To examine the neural mechanisms underlying the emergence of the new syllable β at bout onsets, we analyzed the firing patterns of 125 HVC projection neurons. Before the emergence of syllable β, the majority of recorded projection neurons participated in a rhythmic protosequence (Fig. 2b; n=28/35 neurons; 57–64 dph,). A different subset of neurons was active at bout onsets (Fig. 4c; 4 of 35 neurons). After the emergence of β at bout onsets, roughly half of projection neurons generated bursts during both syllables α and β (65–72 dph; Fig. 4d,e; n=22 ‘shared’ neurons; 21 ‘specific’ neurons). These shared neurons produced nearly identical sequences during these two syllables (Fig. 4h, Extended Data Fig. 4c). Later in song development (73–84 dph), we observed a larger fraction of syllable-specific neurons (Fig. 4f,g,i; n=28 ‘specific’ neurons), and a correspondingly smaller fraction of shared neurons (4 ‘shared’ neurons; P=5×10−4), consistent with a gradual splitting of the protosequence into increasingly non-overlapping ‘daughter’ sequences. Evidence for sequence splitting during bout-onset differentiation was also observed in Birds 1 and 5 (Extended Data Fig. 7).
Note that the bout-onset differentiation in Bird 1 occurred after the earlier emergence of the syllables β and γ (Fig. 3), suggesting that new syllables may emerge in a hierarchical process—that is, by the splitting of sequences that are themselves the daughters of an earlier splitting process (Extended Data Fig. 7).
We were able to examine the question of whether neural sequence splitting also underlies the ‘motif strategy’ of song learning in two birds (Birds 3, 4; Extended Data Fig. 8, 9). In both birds, neural recordings showed the existence of rhythmically bursting neurons in the protosyllable stage (Extended Data Fig. 8e, 9e,f). After the emergence of multiple syllable types, every syllable in the emerging motifs had at least one neuron that was shared with another syllable at similar latencies (Extended Data Fig. 8f–j, 9g-o), consistent with the view that all of these syllables arose from the simultaneous splitting of a common protosequence.
Mechanistic Model and Discussion
Here, we propose a mechanistic model of learning in the HVC network to describe how sequences emerge during song development.
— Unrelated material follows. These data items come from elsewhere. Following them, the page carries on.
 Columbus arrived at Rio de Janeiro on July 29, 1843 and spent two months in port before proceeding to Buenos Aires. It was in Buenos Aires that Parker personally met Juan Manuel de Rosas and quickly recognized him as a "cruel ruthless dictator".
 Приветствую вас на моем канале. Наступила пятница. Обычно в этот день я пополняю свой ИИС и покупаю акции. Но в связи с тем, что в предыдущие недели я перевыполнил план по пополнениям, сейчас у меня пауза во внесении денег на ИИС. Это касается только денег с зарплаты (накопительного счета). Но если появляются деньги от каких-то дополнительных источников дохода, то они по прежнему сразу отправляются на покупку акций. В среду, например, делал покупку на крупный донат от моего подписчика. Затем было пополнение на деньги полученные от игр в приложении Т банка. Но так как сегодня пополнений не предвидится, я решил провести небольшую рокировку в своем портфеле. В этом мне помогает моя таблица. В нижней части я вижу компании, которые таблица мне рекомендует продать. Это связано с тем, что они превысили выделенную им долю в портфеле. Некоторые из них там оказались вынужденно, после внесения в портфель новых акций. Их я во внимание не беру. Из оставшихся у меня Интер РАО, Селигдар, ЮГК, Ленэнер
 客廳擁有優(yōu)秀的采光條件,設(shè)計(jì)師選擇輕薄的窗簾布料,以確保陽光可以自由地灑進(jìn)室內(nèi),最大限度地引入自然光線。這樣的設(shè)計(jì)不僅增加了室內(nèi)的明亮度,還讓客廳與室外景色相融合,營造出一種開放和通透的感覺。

This model is based on the idea that sequential bursting results from the propagation of activity through a continuous synaptically-connected chain of neurons within HVC21,41–47. It also captures non-uniformities such as increased burst density at syllable onsets, formulated in a perspective of HVC function emphasizing vocal gestures22.
Modeling studies have shown that a combination of two synaptic plasticity rules—spike-timing dependent plasticity (STDP) and heterosynaptic competition—can transform a randomly connected network into a feedforward synaptically-connected chain that generates sparse sequential activity43,44. We hypothesize that the same mechanisms can lead to the formation of a single chain that generates a rhythmic protosyllable, followed by the splitting of this chain into multiple daughter chains for different syllable types. To test this hypothesis, we constructed a simple network of binary units representing HVC projection neurons44.
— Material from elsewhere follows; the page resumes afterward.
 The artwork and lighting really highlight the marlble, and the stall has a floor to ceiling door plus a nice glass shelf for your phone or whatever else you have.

The model neurons are initially connected with random excitatory weights, representing the subsong stage. We hypothesize that a subset of HVC neurons receives an external input at syllable onsets and serves as a seed from which chains grow during later learning stages43,45. Before learning, activation of these seed neurons produced a transiently propagating sequence of network activity that decayed rapidly (within tens of milliseconds; Fig. 5a).
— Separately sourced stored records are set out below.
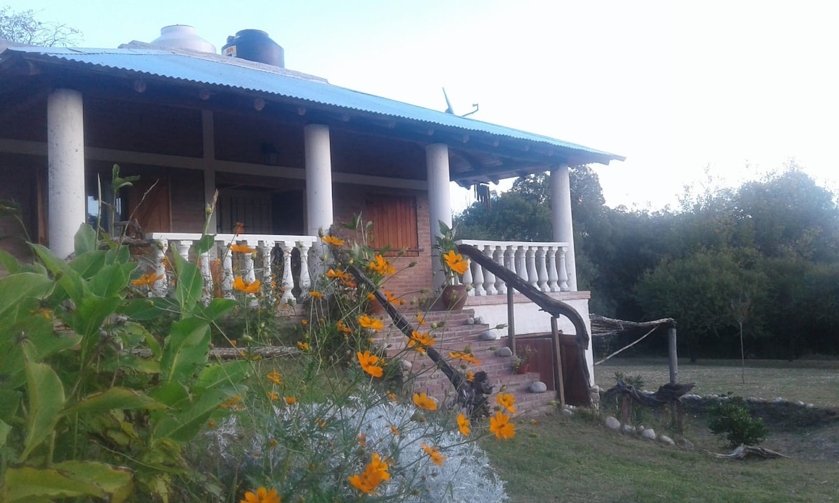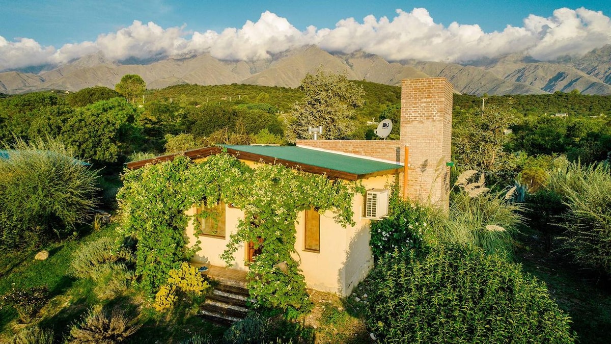 Cabaña al pie de las sierras con bajada propia al arroyo. Inmerso en el monte nativo rodeado de naturaleza. En el verano su mini piscina con vista a los cerros, su galería con asador y su gran jardín serán tu refugio. La salamandra te dará calor en invierno mientras disfrutas de la vista a los cerros nevados . La casita está pensada para que la privacidad sea lo más importante.
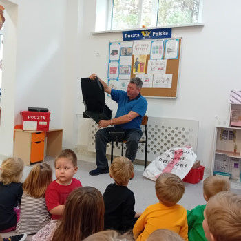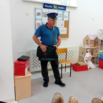 Dziś obchodziliśmy w naszym przedszkolu Dzień listonosza i poczty Polskiej. Gościliśmy pana Mariana tutejszego listonosza, bardzo dziękujemy za odwiedziny i opowiedzenie nam o pana pracy.
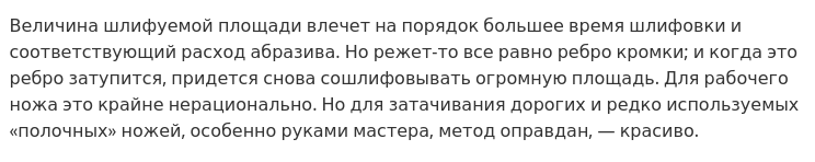 >>965322 Довольно тонкое означает 0.2-0.3. >>965325 На домашней кухне правят нож перед началом готовки. Если ты готовишь раз в 3-4 месяца, то да, раз в квартал. Если каждый день — то каждый день. Хотя я видел в гостях ножи, которые не точили пару лет с момента покупки, мало того, и точить-то нечем. Они тупые абсолютно, их режущая способность недалеко ушла от стальной линейки, можно руку пилить острой стороной и кожу не поцарапать, "режут" только за счёт геометрии первичного сведения и приложения больших усилий. Кому-то и так норм. Износ кромки у высокоуглеродистых твёрдых сталей немного другой, там кромка не заминается, а изнашивается. Её тоже можно довести до рабочего состояния незначительными усилиями, а перетачивать раз в год.
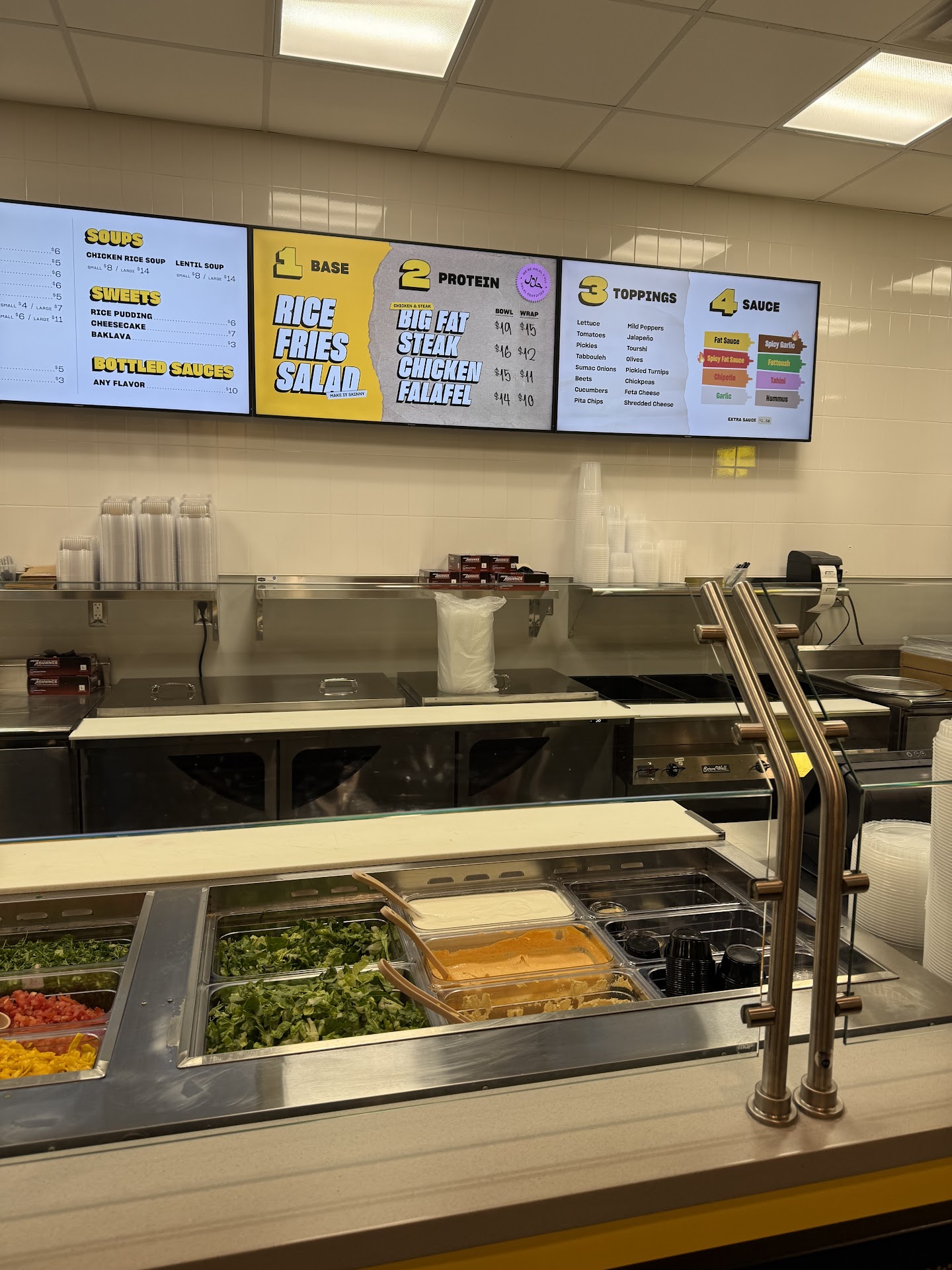 I went in for a quick meal and walked out with a feast! Generous portions are definitely served up without hesitation. The staff was friendly, fast, and greeted me when I walked in the door! Fill your bowl with freshly made yellow rice, chicken, spicy garlic sauce, extra cucumbers, extra tomatoes, onions,spicy Fat sauce AND YOU WILL BE IN HEAVEN!! This is the place you’re looking for! You won’t be disappointed! And carry your bag with two hands cause the bowls are loaded!

In the next stage, the network is trained to produce a single protosyllable by activating seed neurons rhythmically (100 ms period). The connections are modified according to the learning rules described above43,44. As a result, connections were strengthened along the population of neurons sequentially activated after syllable onsets, resulting in the growth of a feedforward synaptically-connected chain that supported stable propagation of activity (Fig. 5b).
We found that this single chain could be induced to split into two daughter chains by dividing the seed neurons into two groups activated on alternate cycles of the rhythm (Fig. 5c,d, Supplementary Video 1). Local inhibition48 and synaptic competition were also increased (see Methods). During the splitting process, we observed neurons specific to each of the emerging syllable types, as well as shared neurons that were active at the same latencies in both syllable types (Fig. 5c). Just as observed in our data, the distribution of burst latencies in the model continued to broaden (Fig. 5e), and the fraction of shared neurons decreased during development (Fig. 5c,d). The average period of rhythmic bursting in model neurons increased during chain splitting as neurons became ‘specific’ for one emerging syllable type and began to participate only on alternate cycles of the protosyllable rhythm (Fig. 5d, Extended Data Fig. 10g,h).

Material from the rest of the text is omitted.